- _What to work on_:
From the line containing "ZUCON祖程506DS祖程" to the end of the records below, both included, every line should be repeated exactly; pictures should be dropped.

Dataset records
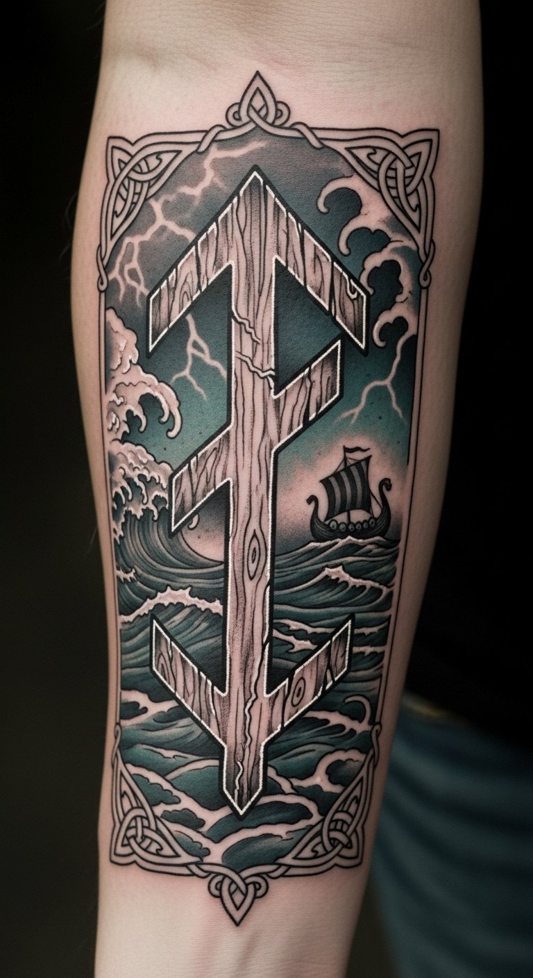 The placement on the forearm allows the Algiz to read outward as a personal talisman and public statement; the storm and longship elements evoke motion and trial, while the knotwork ties the piece to heritage.
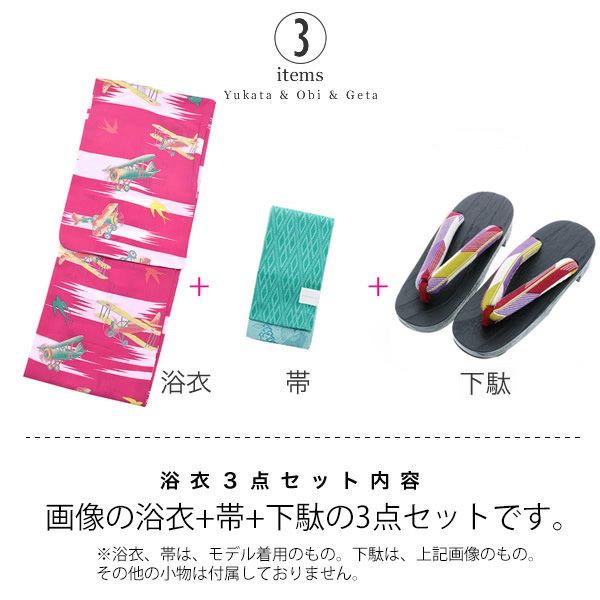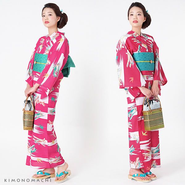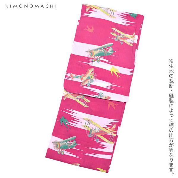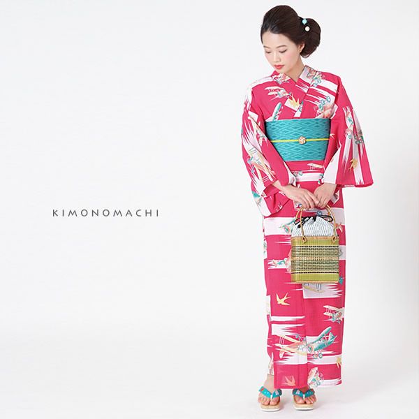 【カラー】浴衣はビビッドなラズベリー色地に、白色のシャープなギザギザ横ライン、レトロな飛行機と、颯爽と舞うツバメ柄。帯は青緑色の菱格子模様。
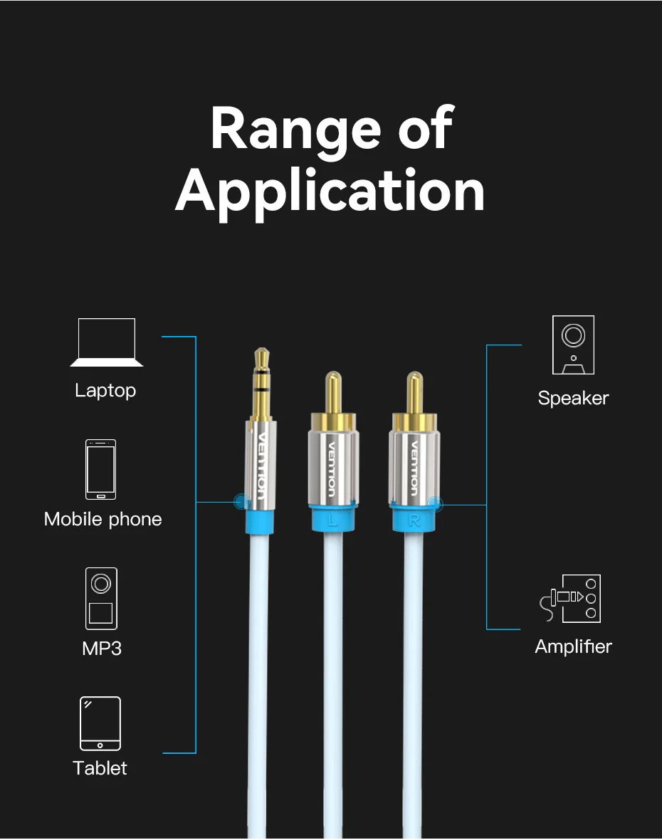 Comprar Vention-Cable RCA de 3,5mm a 2RCA, divisor, conector 3,5, Cable de Audio RCA de 1m para amplificador de teléfono inteligente, Cable auxiliar de cine en casa
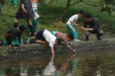 我们三二班及家长一行近百人,一路欢歌笑语来到了风景如画的石象湖。
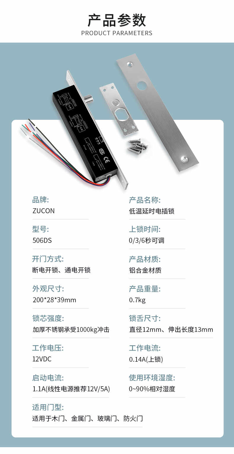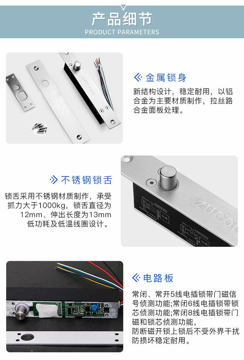 ZUCON祖程506DS祖程門禁電插鎖常閉斷電鎖12V24V門磁信號(hào)超市無人柜
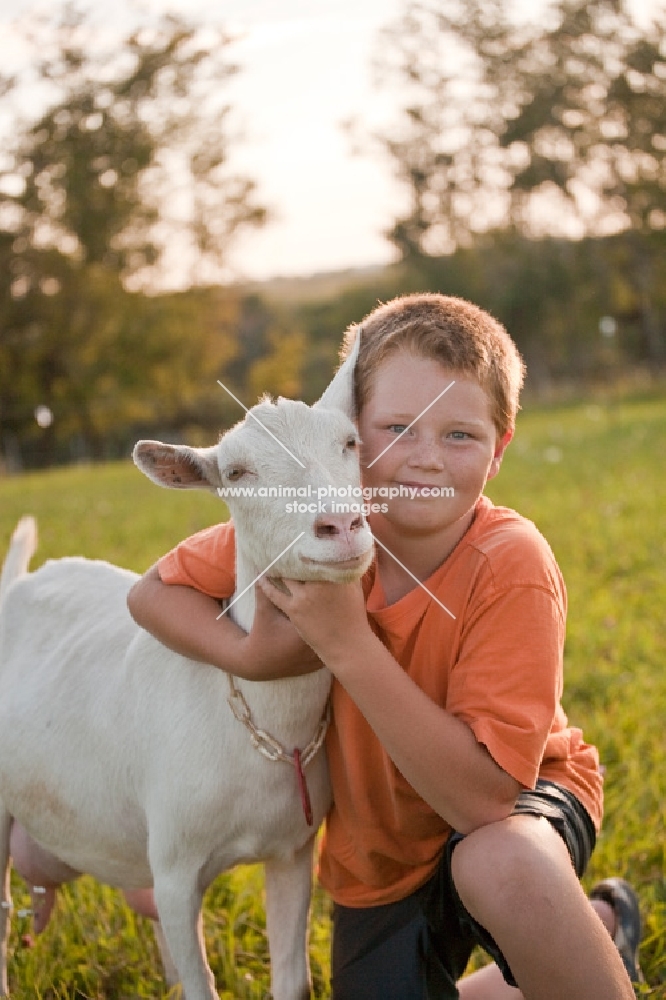 young boy with is beautiful white Saanen diary goat
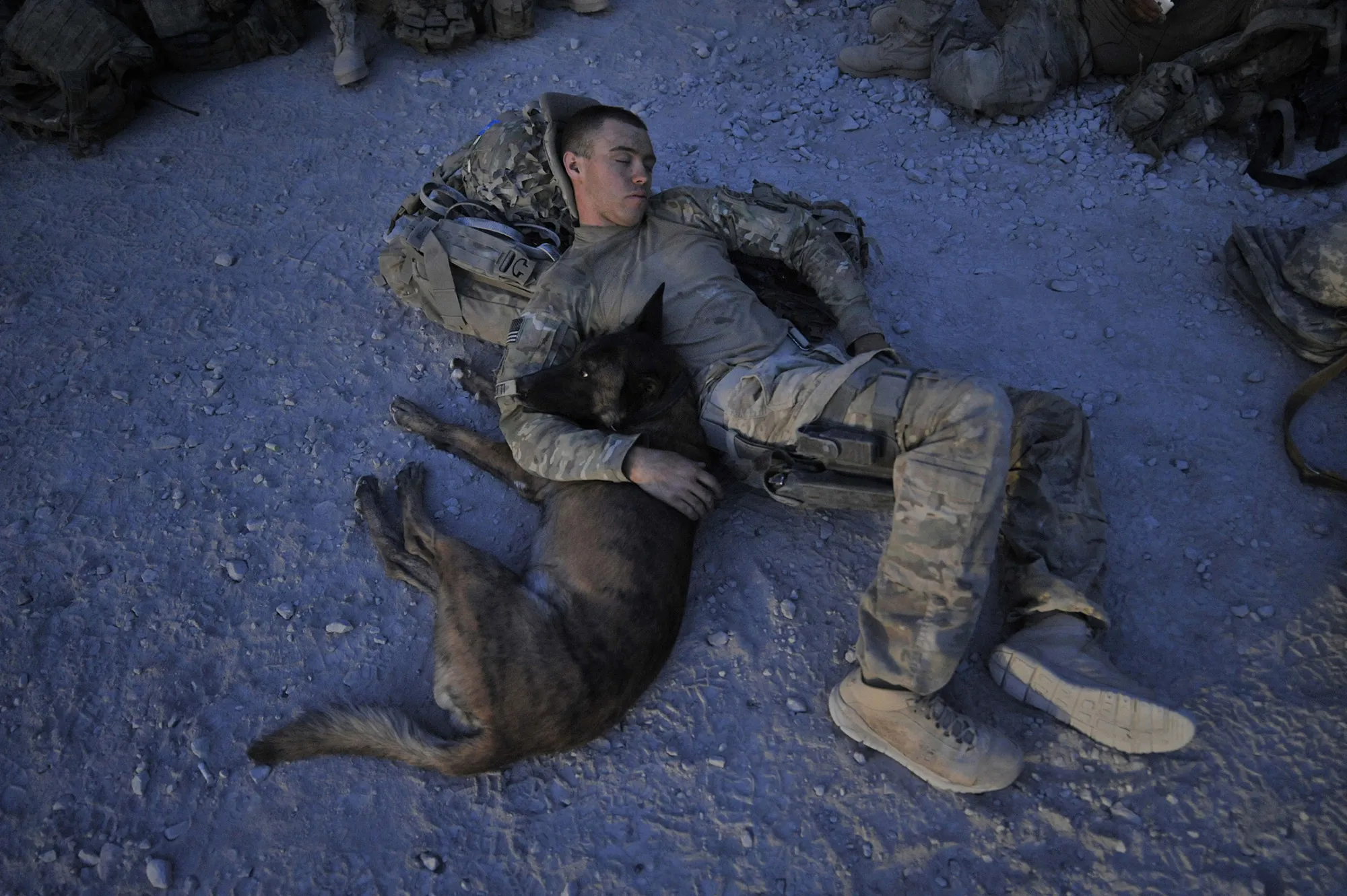 美国陆军特种兵贾斯廷·科莱蒂与一只比利时马林诺犬达斯蒂在阿富汗的一个机场休息,刚刚完成了一次过夜任务。

- _Solution below_:
 ZUCON祖程506DS祖程門禁電插鎖常閉斷電鎖12V24V門磁信號(hào)超市無人柜
 young boy with is beautiful white Saanen diary goat
 美国陆军特种兵贾斯廷·科莱蒂与一只比利时马林诺犬达斯蒂在阿富汗的一个机场休息,刚刚完成了一次过夜任务。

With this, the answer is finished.